The spectacle of J.D. Vance, the American vice-presidential hopeful, presuming to lecture Benjamin Netanyahu on his errors is a grotesque pantomime of intellectual decadence.
It is a sign of our times: men who have never faced a mortar round or a diplomatic crisis acting as if they possess the keys to Solomon’s wisdom. Meanwhile, the United Kingdom, ever the smug occupant of a moral high ground it abandoned long ago, maintains its ‘firm stance’ on Israel relations: a posture of feigned even-handedness that fools only the credulous. We have seen this before.
It is the fall of Rome, dressed in Savile Row suits and Twitter threads. Vance’s critique of Netanyahu’s strategy is not without merit, but it is delivered from a position of such profound historical ignorance that it becomes a weapon of self-harm. He speaks of errors as if the Middle East were a chessboard, not a graveyard of empires.
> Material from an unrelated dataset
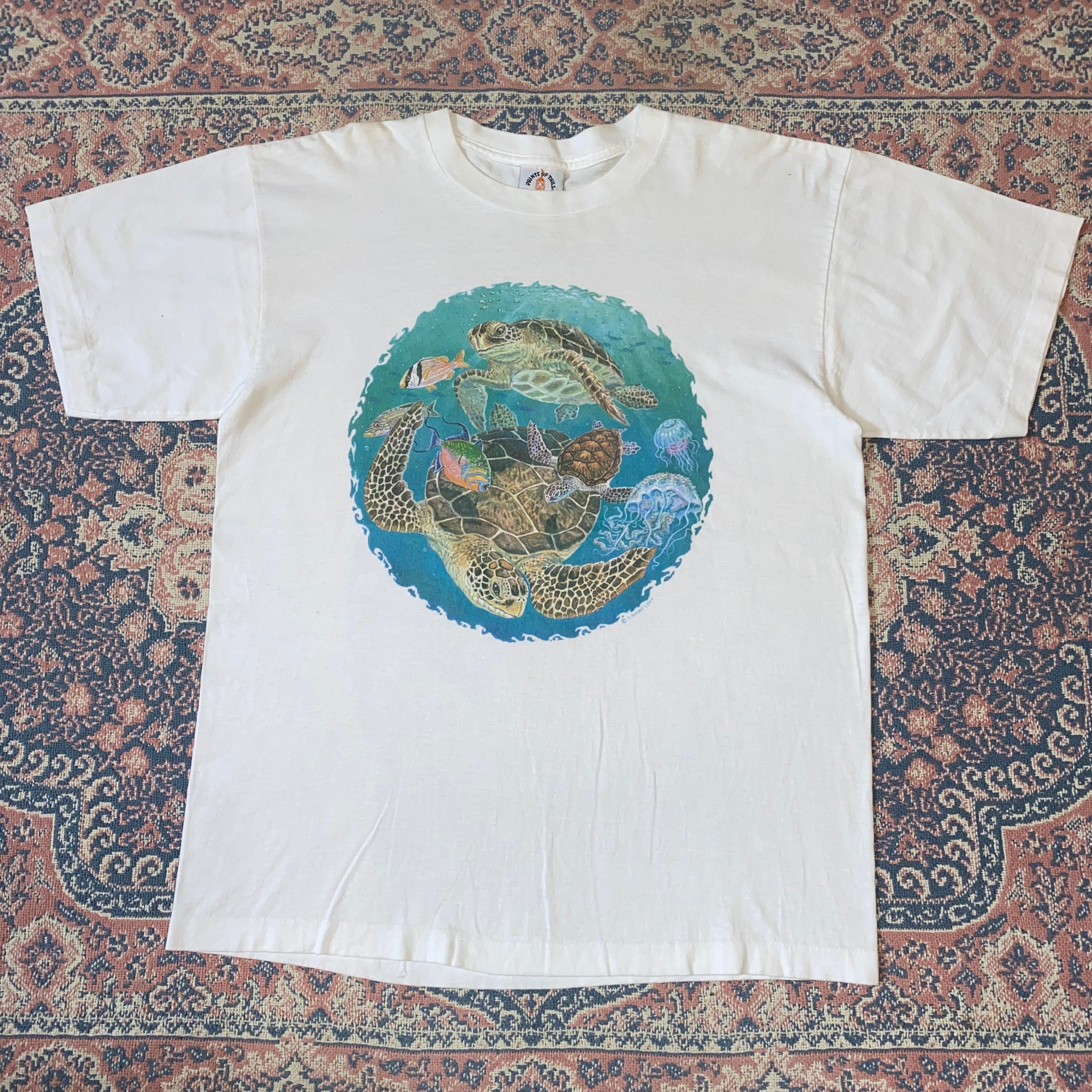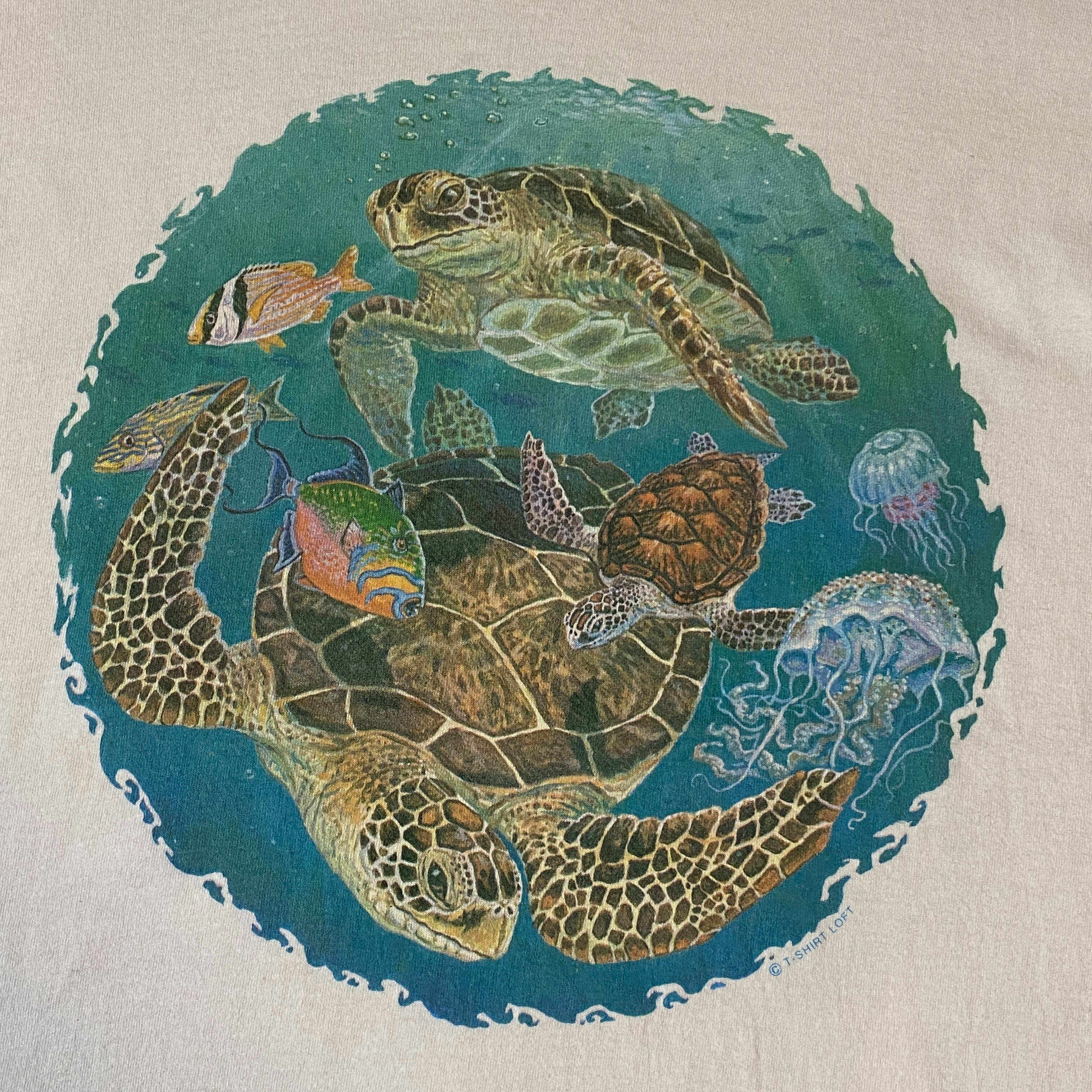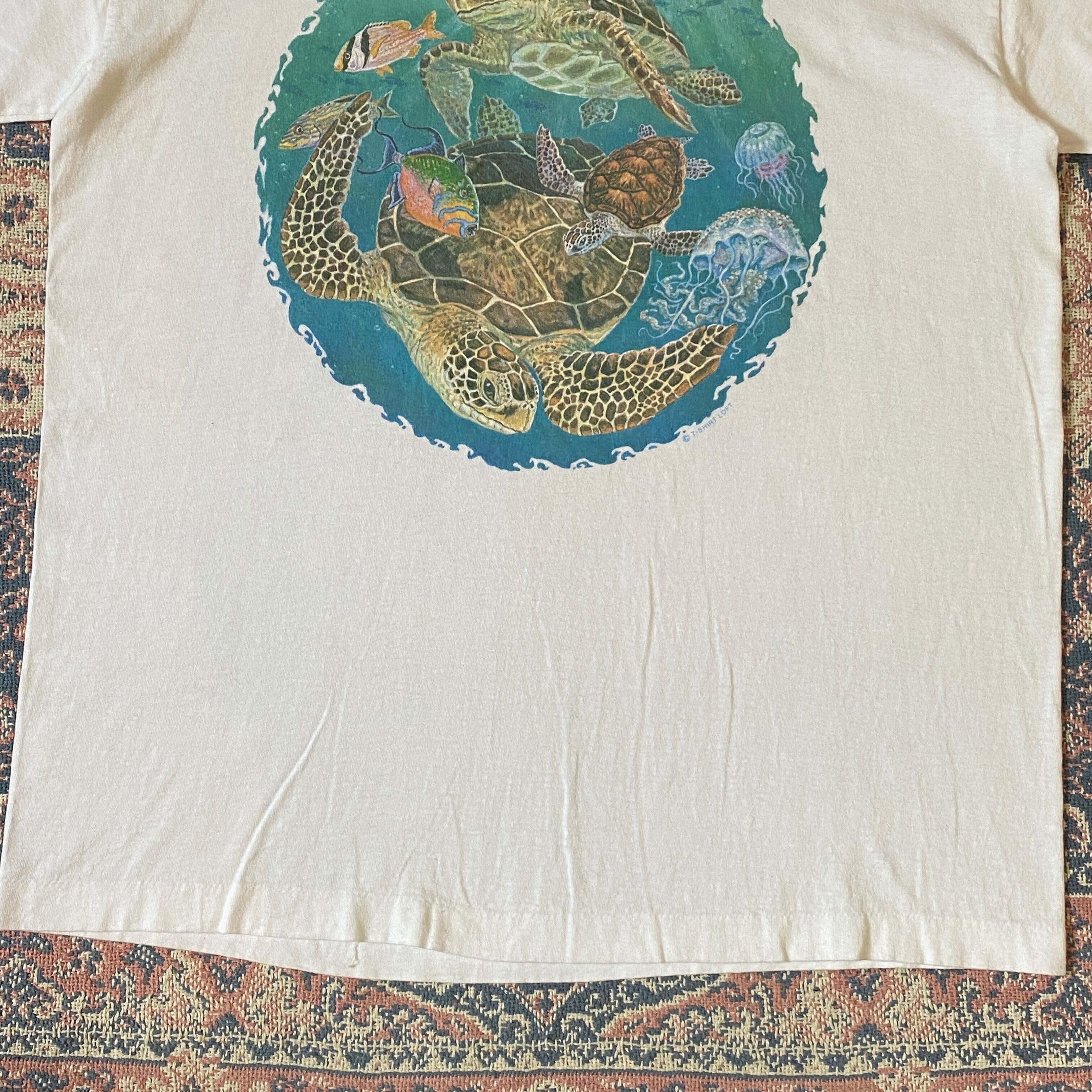 1320 90s 90年代 USA製 アート Tシャツ 亀 タートル ウミガメ PRINTS OF TAILS シングルステッチ 古着 メンズ vintage L

The UK, for its part, clings to the illusion that it can mediate with clean hands, forgetting that its own record in Palestine is stained with the blood of the Balfour Declaration and the broken promises of the Mandate. We are witnessing a contest of moral vanity, where both sides compete to appear more righteous while achieving nothing of substance. The real problem is not Netanyahu’s errors or Vance’s hubris.
It is the collective failure to understand that the Jewish state exists in a neighbourhood where error is a luxury and survival demands a ruthlessness that polite society refuses to acknowledge. Until we stop pretending that the rules of Victorian liberalism apply to the Middle East, we will continue to produce lectures like Vance’s and bulletins like this one: hollow, self-satisfied, and utterly irrelevant.